Throw distance is the minimum/maximum distance the projector can be from a surface (like a screen or a wall) to cast a desirable image. Ultra-short throw projectors tend to have a range of around 7 to 8 inches. From there, throw distance jumps up to at least several feet.
Brightness is critical for projectors, determining how clear the image will be and how dark the room needs to be to properly see it. Brightness is measured in lumens, though ANSI lumens are a common measure in DLP (digital light processing) projectors.
There isn’t a hard and fast way to measure lumens, so the actual lumen rating can vary from model to model. Generally, the most common brightness for ultra-short-throw projectors is between 2,000 and 2,500 lumens. Portable projectors are usually significantly dimmer, but that’s largely because of the smaller lighting fixture in the compact form factor.
Resolution naturally determines the clarity of the image. This is measured the same way it is on televisions and monitors. It’s important to read the fine print when shopping for projectors, however. Many will boast 4K or 1080p resolutions but are referring to the content the projector supports — different than the projector’s native resolution. Many cheaper projectors will promote HD resolutions, but only have a native resolution of 840×480 (DVD quality).
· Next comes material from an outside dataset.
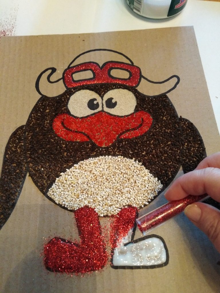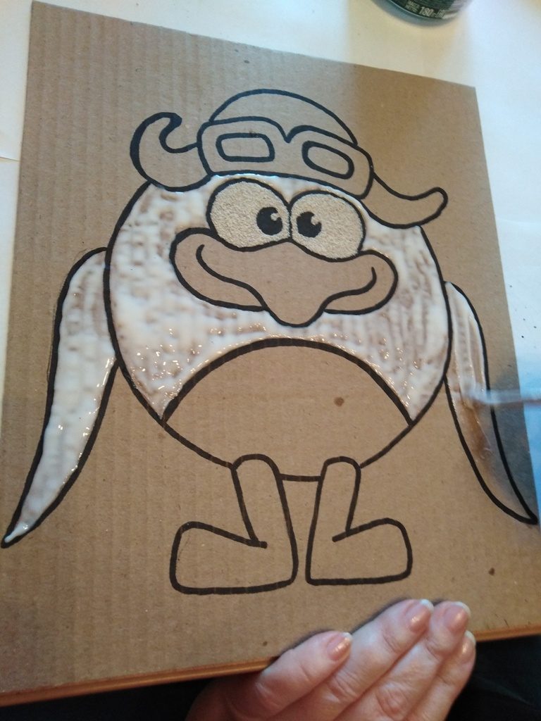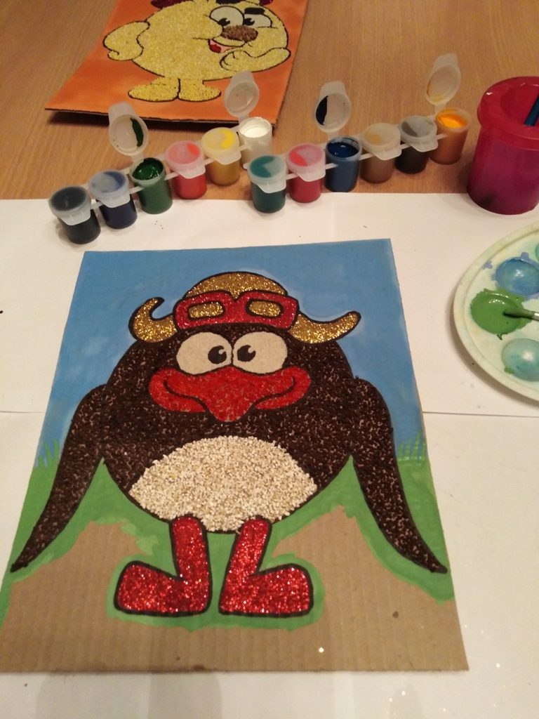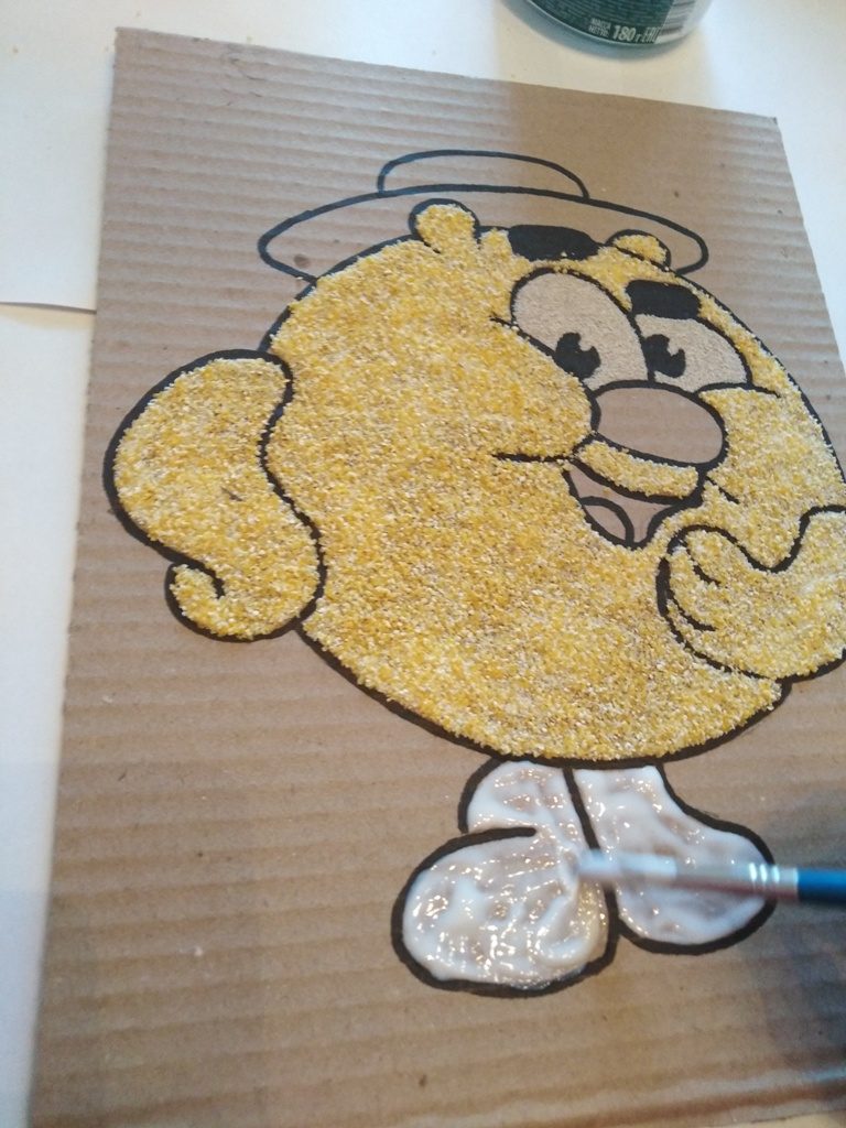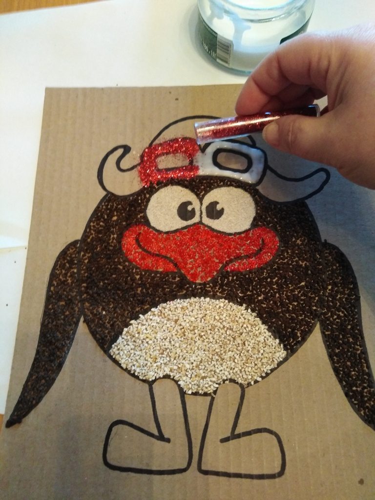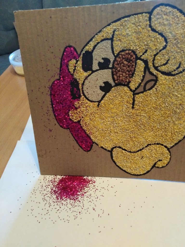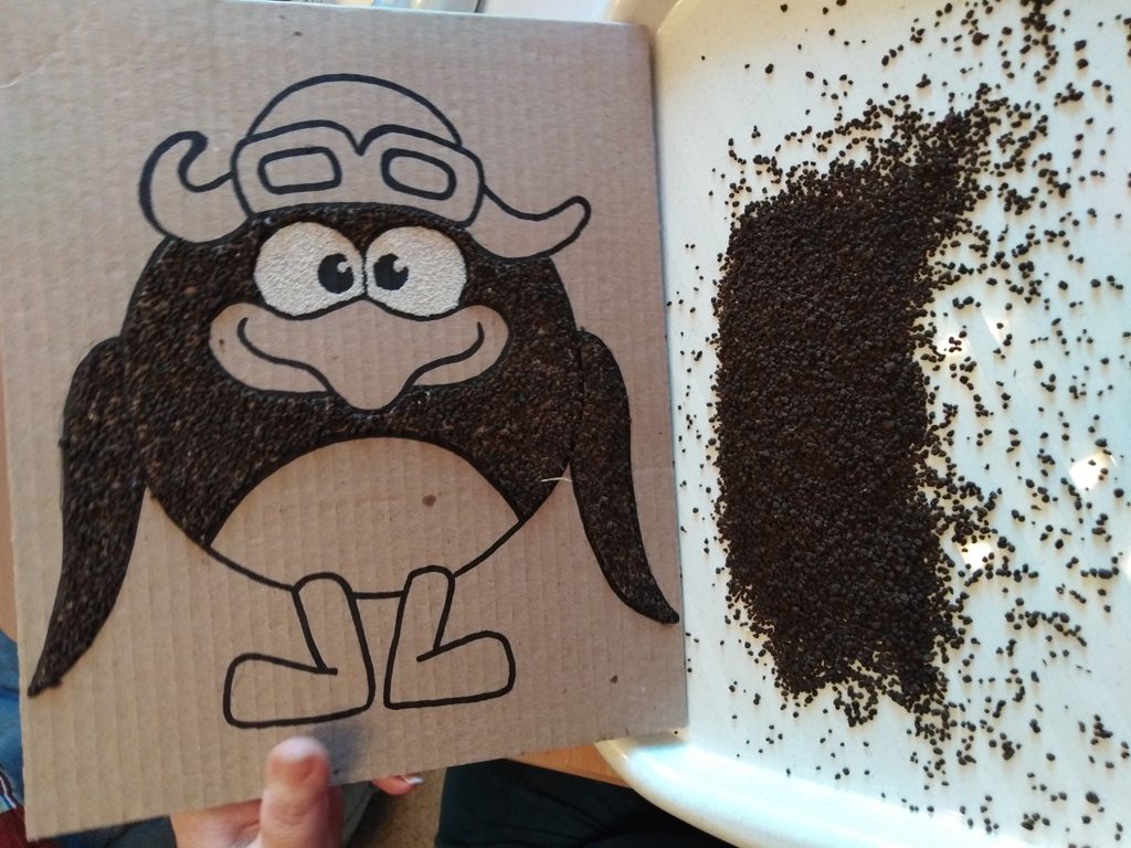 Следующий этап работа с клеем и крупами. Аккуратно наносим клей толстым слоем на нужную часть картинки и засыпаем крупой или гр. чаем или блёстками или бисером. /как на фото/

Any time you’re shopping, check the native resolution to get a clear idea of what the image will look like.
Projectors these days usually come with a healthy number of ports to connect Blu-ray players, gaming consoles, and streaming devices. These are usually critical, even if the projector has a built-in SmartTV interface. These interfaces are usually clunky and outdated, so you’ll always have a better experience connecting an external media device.
You will also want to make sure the projector has audio-out jacks or HDMI eARC. Projector speakers are usually weak, if they have speakers at all. To get the best experience, you’ll want to connect a soundbar or home theater system.
If you want to go wireless, some projectors do support AirPlay or Chromecast, though this is far from a universal feature. But you can make just about any projector cast video by connecting an AppleTV, Chromecast, or other streaming stick.